Mr Fowler questioned the Council owned properties as there seemed to be some contradiction.  The Innovation & Change Business Partner apologised for the confusion, the housing that the Assistant Director of Finance referred to was temporary accommodation and the standard of such accommodation would be taken into account.


In terms of housing standards, Faye Haywood, the Head of Internal Audit stated that some audit work was currently being undertaken on issues such as mould, damp etc and this information would be provided at the next meeting.


Councillor Birt also mentioned the Leisure Centre re-opening and the risk being removed but felt that this was still a significant risk in terms of the increase in energy costs and the exceptional costs of running heated swimming pools with many being closed.  He was aware that the Council would not be in a position to close the Leisure Centres in Dereham and Thetford due to the PFI contract that protected the profits of the providers, but this would mean that this Council could be at risk of very high energy bills costs that this authority would have to pay. The other aspect that should be taken into account was that Leisure Centres were one of the Council’s highest carbon emitters and there was no plan in place to address such a matter and as such was likely to cost money going forward.


The Head of Internal Audit explained that this would be included in next year’s programme as could be seen within the next agenda item (agenda item 9, page 56) sustainability and climate change where it was proposed to provide a de-carbonisation plan in 2024/25.


Councillor Birt then drew Members’ attention to the sustainability strategy risk on page 22 of the agenda pack.  He had raised this as a concern at the previous meeting as he felt that this risk would become elevated.  The carbon footprint 2021/22 had already been presented to Cabinet on 21 November 2022 that showed despite some very speculative ideas, including hydrogenated vegetable oil as road fuel, and all the effort put in by this Council, only half of the target by 2035 would be reached.  Therefore on the basis that this Council did not actually have a plan, let alone an implementation of that plan, he could not understand why the score had not changed and had remained static since its fruition.   

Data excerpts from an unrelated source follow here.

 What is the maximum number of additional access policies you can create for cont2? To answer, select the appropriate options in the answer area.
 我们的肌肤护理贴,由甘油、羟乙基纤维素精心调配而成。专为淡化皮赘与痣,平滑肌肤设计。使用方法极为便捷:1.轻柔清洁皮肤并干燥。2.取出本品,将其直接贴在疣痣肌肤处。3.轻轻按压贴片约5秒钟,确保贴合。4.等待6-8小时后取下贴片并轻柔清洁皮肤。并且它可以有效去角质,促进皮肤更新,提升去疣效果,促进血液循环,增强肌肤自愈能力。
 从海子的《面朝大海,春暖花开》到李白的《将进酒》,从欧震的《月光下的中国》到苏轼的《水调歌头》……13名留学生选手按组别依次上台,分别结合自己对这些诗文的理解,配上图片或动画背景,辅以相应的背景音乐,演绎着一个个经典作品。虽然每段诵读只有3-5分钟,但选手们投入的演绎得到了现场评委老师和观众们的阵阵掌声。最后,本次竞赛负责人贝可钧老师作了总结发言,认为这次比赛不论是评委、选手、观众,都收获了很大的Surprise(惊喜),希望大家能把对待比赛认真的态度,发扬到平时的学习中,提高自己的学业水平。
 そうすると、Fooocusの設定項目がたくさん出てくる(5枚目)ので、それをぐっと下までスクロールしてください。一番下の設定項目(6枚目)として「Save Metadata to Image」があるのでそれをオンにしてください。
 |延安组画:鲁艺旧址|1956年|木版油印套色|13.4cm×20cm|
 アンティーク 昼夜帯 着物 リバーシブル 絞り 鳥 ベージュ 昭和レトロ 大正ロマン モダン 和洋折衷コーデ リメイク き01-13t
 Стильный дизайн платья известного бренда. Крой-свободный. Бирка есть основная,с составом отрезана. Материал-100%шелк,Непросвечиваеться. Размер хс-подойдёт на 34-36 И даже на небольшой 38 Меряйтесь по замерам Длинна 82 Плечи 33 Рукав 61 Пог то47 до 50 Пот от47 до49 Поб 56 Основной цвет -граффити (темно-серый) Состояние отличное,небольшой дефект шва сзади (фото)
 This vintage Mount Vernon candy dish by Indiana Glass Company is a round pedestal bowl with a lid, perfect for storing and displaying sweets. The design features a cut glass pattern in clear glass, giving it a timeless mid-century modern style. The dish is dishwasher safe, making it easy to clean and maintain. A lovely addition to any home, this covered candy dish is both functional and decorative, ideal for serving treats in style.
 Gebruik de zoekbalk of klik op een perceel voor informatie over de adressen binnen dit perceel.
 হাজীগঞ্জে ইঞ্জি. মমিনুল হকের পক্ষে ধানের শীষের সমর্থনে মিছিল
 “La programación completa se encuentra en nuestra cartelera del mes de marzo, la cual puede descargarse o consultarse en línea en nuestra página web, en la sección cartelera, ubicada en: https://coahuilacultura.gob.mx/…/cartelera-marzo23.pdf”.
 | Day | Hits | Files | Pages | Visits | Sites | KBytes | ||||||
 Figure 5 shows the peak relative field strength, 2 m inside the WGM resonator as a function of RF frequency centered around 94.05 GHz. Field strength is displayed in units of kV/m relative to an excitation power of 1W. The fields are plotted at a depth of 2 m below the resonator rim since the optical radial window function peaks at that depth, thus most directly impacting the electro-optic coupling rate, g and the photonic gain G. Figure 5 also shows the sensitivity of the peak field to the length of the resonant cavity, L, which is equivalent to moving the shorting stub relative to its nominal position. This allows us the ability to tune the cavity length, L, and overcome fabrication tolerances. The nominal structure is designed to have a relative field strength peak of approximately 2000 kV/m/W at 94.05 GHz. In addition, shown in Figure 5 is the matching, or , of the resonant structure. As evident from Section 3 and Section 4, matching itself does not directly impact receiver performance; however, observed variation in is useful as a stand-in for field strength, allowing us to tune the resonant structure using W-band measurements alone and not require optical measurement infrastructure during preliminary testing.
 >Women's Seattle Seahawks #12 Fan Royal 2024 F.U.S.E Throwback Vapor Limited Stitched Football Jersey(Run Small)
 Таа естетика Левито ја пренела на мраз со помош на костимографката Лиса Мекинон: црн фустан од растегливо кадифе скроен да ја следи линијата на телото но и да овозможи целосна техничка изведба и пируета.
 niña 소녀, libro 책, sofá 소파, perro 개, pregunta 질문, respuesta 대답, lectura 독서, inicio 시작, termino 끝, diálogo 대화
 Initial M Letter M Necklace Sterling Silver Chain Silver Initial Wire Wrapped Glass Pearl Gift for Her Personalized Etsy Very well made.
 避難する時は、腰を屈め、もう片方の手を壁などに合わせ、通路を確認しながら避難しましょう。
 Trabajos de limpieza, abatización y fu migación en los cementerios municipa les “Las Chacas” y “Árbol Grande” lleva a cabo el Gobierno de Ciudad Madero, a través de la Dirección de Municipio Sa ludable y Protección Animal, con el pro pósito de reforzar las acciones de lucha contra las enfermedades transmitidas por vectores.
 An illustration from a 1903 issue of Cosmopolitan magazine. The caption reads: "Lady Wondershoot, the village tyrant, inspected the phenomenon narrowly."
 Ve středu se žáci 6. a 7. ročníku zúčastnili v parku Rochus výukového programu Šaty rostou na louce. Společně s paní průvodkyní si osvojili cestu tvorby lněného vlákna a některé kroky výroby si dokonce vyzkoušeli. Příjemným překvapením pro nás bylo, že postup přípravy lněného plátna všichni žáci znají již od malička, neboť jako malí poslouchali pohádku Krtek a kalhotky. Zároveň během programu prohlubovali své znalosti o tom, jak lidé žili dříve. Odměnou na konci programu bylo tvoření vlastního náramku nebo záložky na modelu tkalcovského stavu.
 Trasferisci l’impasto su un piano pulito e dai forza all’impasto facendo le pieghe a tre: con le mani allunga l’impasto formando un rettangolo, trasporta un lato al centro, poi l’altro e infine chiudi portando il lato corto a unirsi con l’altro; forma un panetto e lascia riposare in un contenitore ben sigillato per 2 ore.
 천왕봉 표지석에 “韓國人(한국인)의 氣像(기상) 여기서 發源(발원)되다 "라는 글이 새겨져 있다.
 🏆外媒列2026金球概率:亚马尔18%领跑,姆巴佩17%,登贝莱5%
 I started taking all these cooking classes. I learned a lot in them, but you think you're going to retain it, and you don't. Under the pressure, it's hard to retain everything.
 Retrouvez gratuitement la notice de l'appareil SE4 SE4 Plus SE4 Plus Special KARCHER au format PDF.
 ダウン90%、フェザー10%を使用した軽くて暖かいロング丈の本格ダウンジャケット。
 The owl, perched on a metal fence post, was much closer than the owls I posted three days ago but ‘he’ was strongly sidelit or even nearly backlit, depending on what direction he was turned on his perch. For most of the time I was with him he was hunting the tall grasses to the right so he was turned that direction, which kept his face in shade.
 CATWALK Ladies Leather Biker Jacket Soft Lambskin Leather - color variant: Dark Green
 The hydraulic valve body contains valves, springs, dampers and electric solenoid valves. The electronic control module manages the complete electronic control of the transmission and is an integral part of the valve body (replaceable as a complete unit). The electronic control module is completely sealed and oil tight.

The Innovation & Change Business Partner felt that this was a fair point and was happy to take a look at this again, but this was a long-term risk to the Council, until 2035, and the reason that this risk had not moved was because there was still a significant amount of time.


Councillor Birt felt that it should still be looked at.  He then drew attention to pages 24 and 29 of the agenda pack, the critical breach of ICT security risk and the General Data Protection regulation risk. He had noticed that in both cases, the likelihood of those events had been reduced but the impact had risen which he felt was suspicious as there was nothing in the text about why the impact rating had increased. 


The Innovation & Change Business Partner explained that this had been mentioned earlier and was in respect of the rescoring, and the reasoning behind this was explained. 


Referring to the GDPR risk, the Vice-Chairman asked if there had been any improvement on the numbers of Members completing the training and would there be a programme of training for new Members immediately following the Election.


In response, Councillor James pointed out that there was an outline of the Member training programme on the next General Purposes Agenda and was an intrinsic part of the new Member support package. All Members were soon due for a refresher course on Hut Six and she urged Members to complete the current training programme if they had not done so already.


The contents of the report were noted.